Now lets add some journaling functions. Note that these functions operate differently in recording and playback mode. When recording the values you pass in are written to the journal and flushed to the disk. In playback the data from the journal is read and replaces the value of the variable passed in.

void journal_int( int & value );
void journal_bool( bool & value );
void journal_float( float & value );
void journal_bytes( unsigned char * data, 
                    int & size );
bool journal_playback();
bool journal_recording();

Here is how to use these functions to journal the game loop:

while ( true )
{
    SendPackets();

    while ( true )
    {
        int packetSize = 0;
        unsigned char packet[1024];
        bool result = false;
        if ( !journal_playback() )
            result = ReceivePacket( packet, 
                                    packetSize );
        journal_bool( result );
        if ( !result )
             break;
        journal_bytes( packet, packetSize );
        assert( packetSize > 0 );
        ProcessPacket( packet, packetSize );
    }

    float frameTime = Timer::getFrameTime();
    journal_float( frameTime );
    GameUpdate( frameTime );
}

Notice how the receive packet function is not even called in journal playback mode. Instead, we record its result code and the packet data read in. This way when we play back the journal, we actually play back the exact set of packets received during the recorded session. This is how journaling is able to play back a multiplayer session in the debugger without any networking at all.

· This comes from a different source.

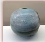
小壺 ¥2,800 ~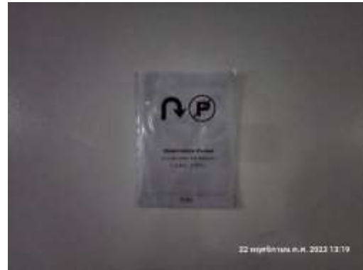
รูปที่ 10 ป้ายแสดงทิศทางการจราจร

So you can see the value of journalling. It lets you replay your game session in the debugger from start right up to where the bug occurs. Now you can do something awesome, not only can you reproduce any bug that you can record at will – but not only this – consider, if you can make a small change to fix the bug that does not break deterministic playback, you can actually re-run the journal and verify that the bug is fixed.

Without any doubt, journaling is the most powerful multiplayer debugging technique out there. When it works that is. And unfortunately, this can be not a lot of the time. You see journaling can be very high maintenance. Why? Well you must take care to ensure the exact same set of reads and writes occur during journal record and playback or your playback gets out of sync.

In other words, you need to make sure that you record every single source of non-determinism in your application in order for the journal to playback correctly. If you don’t you’ll end up recording checkpoint values in the journal and binary searching to identify the place where you incorrectly branched left when you should have gone right. Anybody who’s developed a multiplayer game based on a deterministic networking model knows exactly how frustrating and time consuming this can be.

Another weakness with journaling is that if your game is multithreaded it can be very difficult or even impossible to journal correctly. In the case of multithreading you could try keeping all deterministic code on one main simulation thread, throwing out non-determinism affecting tasks off to worker threads, and journaling when their results come back in. Similarly, for asynchronous IO you can journal each asset as it becomes ready during recording, and during playback block until the IO completes. But in both cases note that you are going to get some sort of performance degradation during playback, and quite possibly also during recording – on top of this it’s a pretty big pain in the ass to maintain this and debug it whenever it breaks.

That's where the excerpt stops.